Sur ce qu’un pourcentage de similitude mesure réellement, voir le taux de plagiat acceptable. Notre analyse IAest gratuite jusqu’à 1 500 mots, sans compte et sans nom ; nos taux d’erreur publiés sont mesurés sur des corpus anglais et allemands, pas français.
Sources
- Université Paris 1 Panthéon-Sorbonne : L’IA et moi à l’université — page de conseils, sans date d’adoption ni organe adoptant cité.
- Université Paris 1 Panthéon-Sorbonne : FAQ : l’IA et moi à l’université Paris 1 Panthéon-Sorbonne — 8 pages, sans date imprimée ni organe adoptant ; le nom de fichier indique mars 2024.
- Université Paris 1 Panthéon-Sorbonne : Règlement intérieur — version du 1er janvier 2023.

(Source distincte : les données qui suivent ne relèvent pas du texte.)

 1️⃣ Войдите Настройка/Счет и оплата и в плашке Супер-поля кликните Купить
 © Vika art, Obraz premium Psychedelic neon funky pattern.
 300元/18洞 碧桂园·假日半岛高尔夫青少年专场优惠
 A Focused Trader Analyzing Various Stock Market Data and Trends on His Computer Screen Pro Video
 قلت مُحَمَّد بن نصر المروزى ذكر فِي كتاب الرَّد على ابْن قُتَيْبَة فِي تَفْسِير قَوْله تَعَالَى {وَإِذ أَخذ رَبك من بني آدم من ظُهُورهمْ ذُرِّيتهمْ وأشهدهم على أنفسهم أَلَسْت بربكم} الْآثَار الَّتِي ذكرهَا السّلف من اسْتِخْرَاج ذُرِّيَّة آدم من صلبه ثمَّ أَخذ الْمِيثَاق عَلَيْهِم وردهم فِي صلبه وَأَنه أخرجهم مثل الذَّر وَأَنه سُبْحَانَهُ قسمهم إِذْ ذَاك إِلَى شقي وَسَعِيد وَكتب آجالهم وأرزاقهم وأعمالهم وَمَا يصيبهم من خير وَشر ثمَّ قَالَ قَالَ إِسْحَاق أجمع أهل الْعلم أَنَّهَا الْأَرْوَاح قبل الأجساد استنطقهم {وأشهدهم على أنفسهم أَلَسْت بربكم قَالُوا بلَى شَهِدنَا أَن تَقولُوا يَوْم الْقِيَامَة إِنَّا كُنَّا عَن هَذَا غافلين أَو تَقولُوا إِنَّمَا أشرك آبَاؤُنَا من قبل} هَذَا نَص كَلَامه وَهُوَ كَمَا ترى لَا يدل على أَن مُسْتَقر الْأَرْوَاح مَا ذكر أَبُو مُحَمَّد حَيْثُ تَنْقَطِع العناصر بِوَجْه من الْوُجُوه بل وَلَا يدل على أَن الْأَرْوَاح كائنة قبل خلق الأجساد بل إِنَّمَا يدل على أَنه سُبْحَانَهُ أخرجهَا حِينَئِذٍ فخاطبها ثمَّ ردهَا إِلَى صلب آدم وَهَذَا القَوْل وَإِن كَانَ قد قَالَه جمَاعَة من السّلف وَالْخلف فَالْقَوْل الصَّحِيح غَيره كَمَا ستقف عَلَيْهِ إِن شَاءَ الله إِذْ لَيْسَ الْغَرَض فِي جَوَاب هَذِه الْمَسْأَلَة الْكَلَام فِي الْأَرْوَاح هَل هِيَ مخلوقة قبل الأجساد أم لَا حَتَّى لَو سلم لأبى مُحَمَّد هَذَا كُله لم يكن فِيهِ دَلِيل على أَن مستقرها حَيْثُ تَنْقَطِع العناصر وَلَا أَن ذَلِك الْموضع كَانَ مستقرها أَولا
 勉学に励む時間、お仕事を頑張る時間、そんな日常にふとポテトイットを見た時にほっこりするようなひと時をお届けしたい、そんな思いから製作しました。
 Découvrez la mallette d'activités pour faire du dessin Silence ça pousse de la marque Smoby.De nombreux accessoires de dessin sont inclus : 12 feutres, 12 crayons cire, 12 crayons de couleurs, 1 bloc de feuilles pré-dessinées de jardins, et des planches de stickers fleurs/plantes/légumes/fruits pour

- Université Paris 1 Panthéon-Sorbonne : Référents et comité d’éthique — référent intégrité scientifique nommé par arrêté n° 2026-1178.

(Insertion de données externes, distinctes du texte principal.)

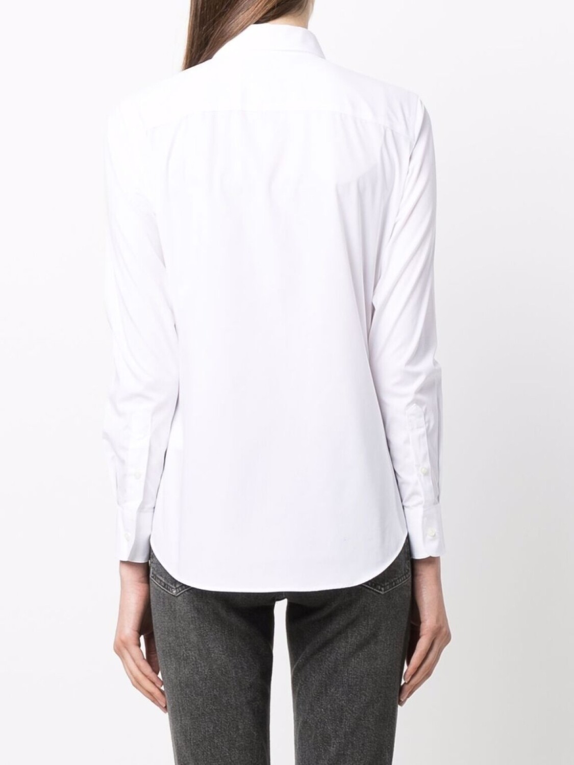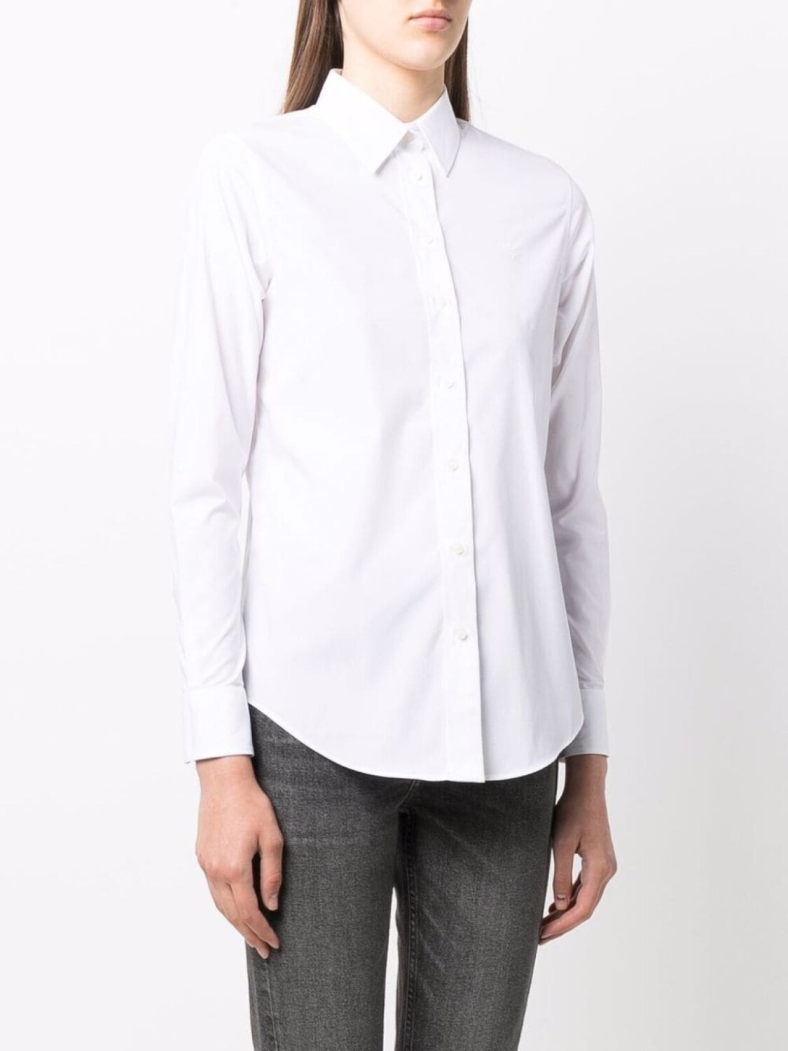 Эластичная модель, узкий крой, вышитый логотип на груди, классический воротник, застежка на пуговицах спереди, длинные рукава и закругленный подол. Цвет: белый.
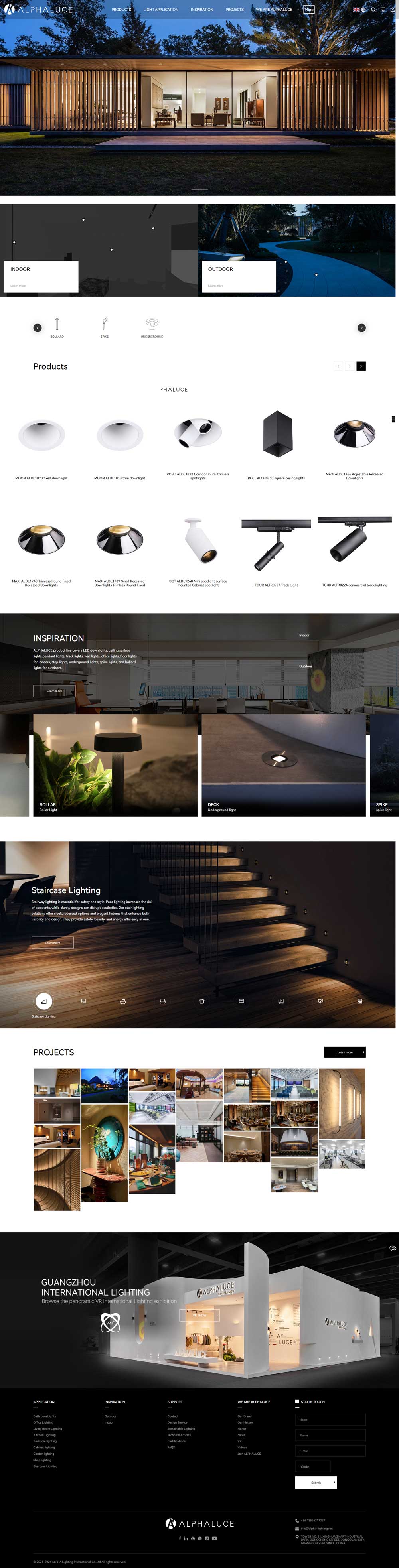 視覺體系構(gòu)建:采用經(jīng)典黑白主色調(diào)打造沉浸式瀏覽體驗,暗色背景有效強化照明類的產(chǎn)品案例的視覺表現(xiàn)力
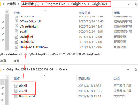 6、接着打开Crack夹将两个破解文件复制到软件安装目录中进行粘贴替换,默认安装目录为【C:\Program Files\OriginLab\Origin2021】
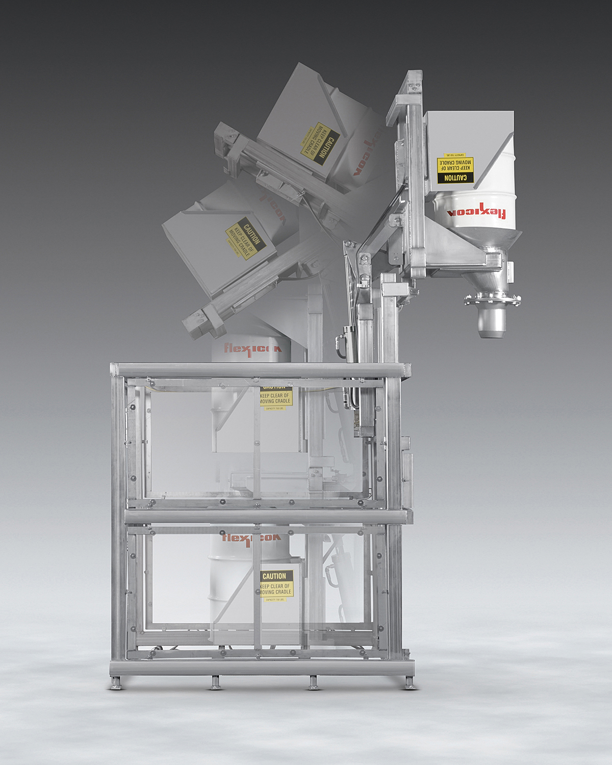 Trademarked TIP-TITE®, the dumper accommodates drums from 30 to 55 gal (115 to 200 liter) and can discharge bulk material into process vessels and equipment inlets 5 to 10 ft (1525 to 3050 mm) above the plant floor.

- Légifrance : Article R811-13-1 du Code de l’éducation — en vigueur depuis le 31 janvier 2026 (anciennement R811-36).
Cette page est une orientation, pas un conseil juridique. Seuls le règlement de votre établissement et les consignes de votre épreuve vous engagent.
Questions fréquentes
Peut-on utiliser ChatGPT pour un devoir à Paris 1 ?
Les deux textes publics de Paris 1 ne disent pas exactement la même chose. La page « L'IA et moi à l'université » pose un principe permissif — « Oui, je peux utiliser les outils conversationnels propulsés par l'IA dans un cadre académique mais je fais attention à bien les utiliser » — assorti d'une obligation de déclarer. La FAQ, elle, conditionne l'usage à l'autorisation de l'enseignant : « quand elle est autorisée par l'enseignant et quand elle est pertinente sur votre type d'exercice ». En pratique, demandez la consigne écrite de l'épreuve et déclarez votre usage.

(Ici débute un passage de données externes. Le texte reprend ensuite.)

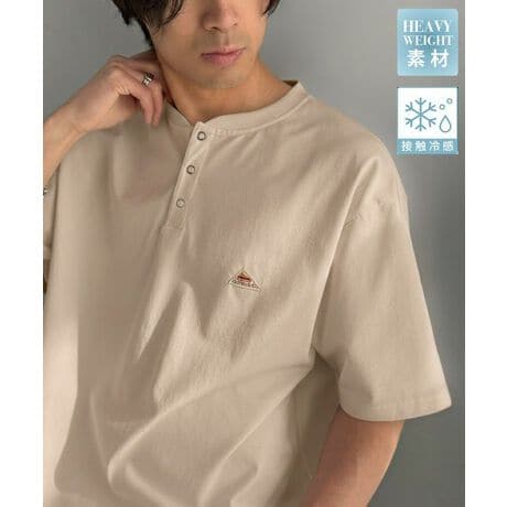 「ヘビーウェイト裾ドロスト付きヘンリーネックTシャツ」
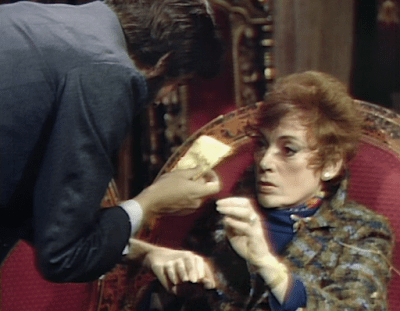 Julia declares that there is only one explanation for this phenomenon that makes sense. Considering the kinds of stories that play out on Dark Shadows, we would think that an explanation that makes sense would be the one we could discard immediately, but Julia plows ahead. When she traveled back in time, only her “astral body” made the trip. Her physical body is still in 1969. For his part, Barnabas had a body in 1897, trapped in a sealed coffin. That body is hosting his personality, which is why he is subject to physical injury. But Julia is in no danger. When she later says that she can disregard Petofi’s threats, Barnabas says that if he finds out the truth, Petofi will just find another way to immobilize her, so she has to lie low.
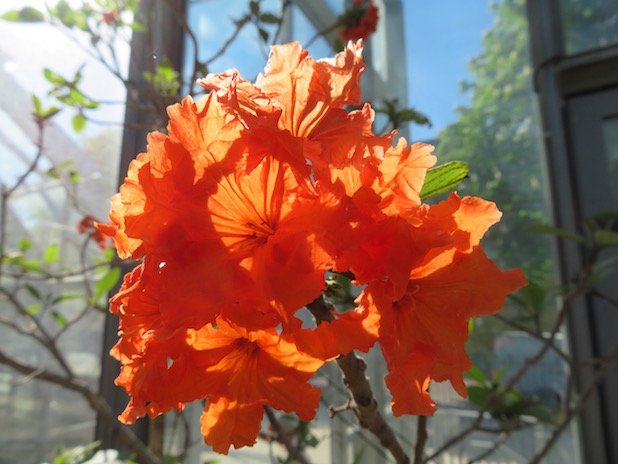 Inflorescence de Cordia sebestena, dans la serre contemporaine des Amériques, au jardin d’Auteuil, 16e.
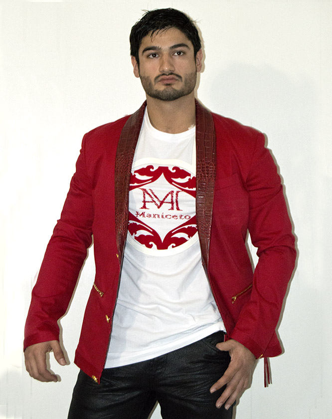 - Three embossed gold ManicetoPpF Logo front buttons closure
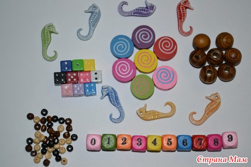 Деревянные бусинки некоторые не понравились (самые мелкие, у них брака много), пластмассовые игральные кубики тоже
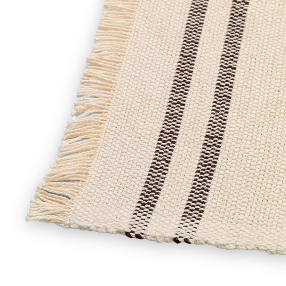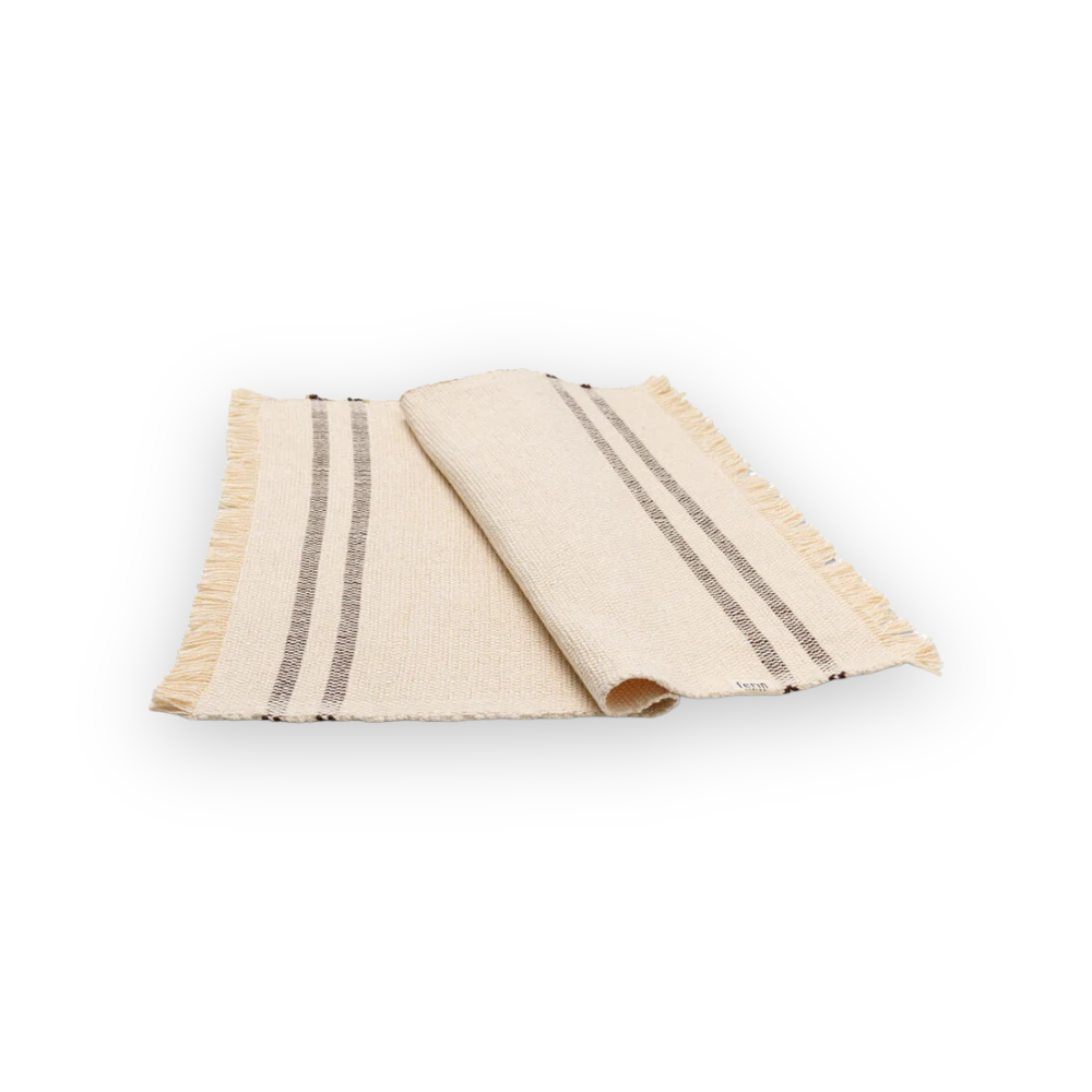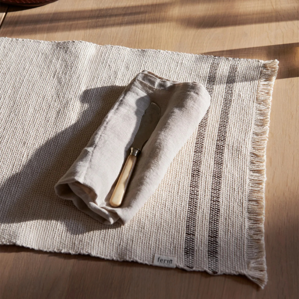 Make meal time mess free with the Savor Placemats. Made from undyed, organic cotton with two stripes woven along the edges, the placemats are machine washable, providing a practical and aesthetic solution to saving your table from unwanted spills. With decorative fringing on two sides, the tactile Savor Placemats have a simple and informal, handcrafted expression.
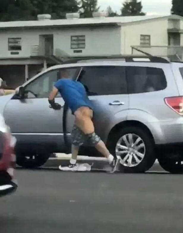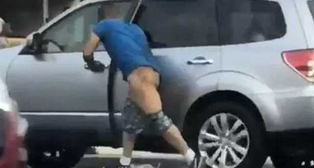 Nas imagens é possível ver o suspeito tentando roubar um carro. O motorista, no entanto, percebe a movimentação e sai em disparada, enquanto que o bandido fica com a mão na porta e é arrastado por alguns metros. O criminoso ficou sem o short que usava e por pouco não ficou pelado.
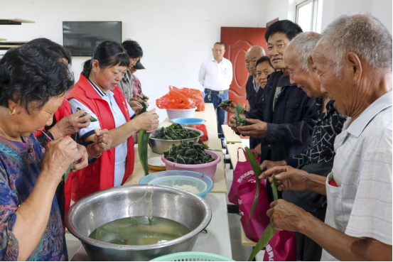 以愛之老之心行陪伴計?;顒蝇F場,泰興市春風民生服務中心的社工將準備好的粽葉、糯米、紅棗等材料整齊地擺放在餐桌上,來自該鎮的愛心志愿者們和老人們在滿是米香、棗香、粽葉香的氛圍中大顯身手,選粽葉、舀糯米、放紅棗、扎繩子,動作一氣呵成,不一會兒粽子就堆成了“小山”。大家圍在一起,話著家常,現場一片其樂融融,好不熱鬧。棕子熟了,元竹鎮慈善社工站負責人將一串串香氣四溢的“愛心粽”送到了現場21名失獨老人手中,并送上節日的祝福。

Utiliser ChatGPT comme correcteur orthographique est-il autorisé à Paris 1 ?
Non, selon la FAQ de l'université, et c'est une position plus stricte que la moyenne. Le texte est explicite : « l'utilisation de ChatGPT comme simple correcteur orthographique est de la fraude : le correcteur orthographique de Word vous demande de faire un choix sur les éléments surlignés, mais ChatGPT automatise le processus en ne vous sollicitant pas ». Le critère retenu est donc l'automatisation sans arbitrage de votre part, pas la nature de la correction.
Quel logiciel anti-plagiat utilise Paris 1 Panthéon-Sorbonne ?
Aucun n'est nommé dans les textes publics de l'université : ni Compilatio, ni Turnitin, ni Ouriginal. Le règlement intérieur ne contient pas non plus le mot « plagiat ». Cela ne signifie pas qu'aucun outil n'est utilisé — cela signifie que rien n'est publié à ce sujet, et donc que personne ne peut vous dire de l'extérieur si vos travaux sont vérifiés, ni comment.
Paris 1 a-t-elle une charte sur l'intelligence artificielle ?
Pas au sens d'un texte adopté. Ce que Paris 1 publie est une page de conseils et une FAQ en PDF, présentées par l'université elle-même comme « un certain nombre de lignes de conduite ». Ni l'une ni l'autre ne porte de date d'adoption ni de conseil approbateur. Une charte d'éthique, de déontologie et d'intégrité scientifique figure par ailleurs parmi les missions du comité d'éthique — c'est-à-dire comme une tâche à accomplir, pas comme un texte en vigueur.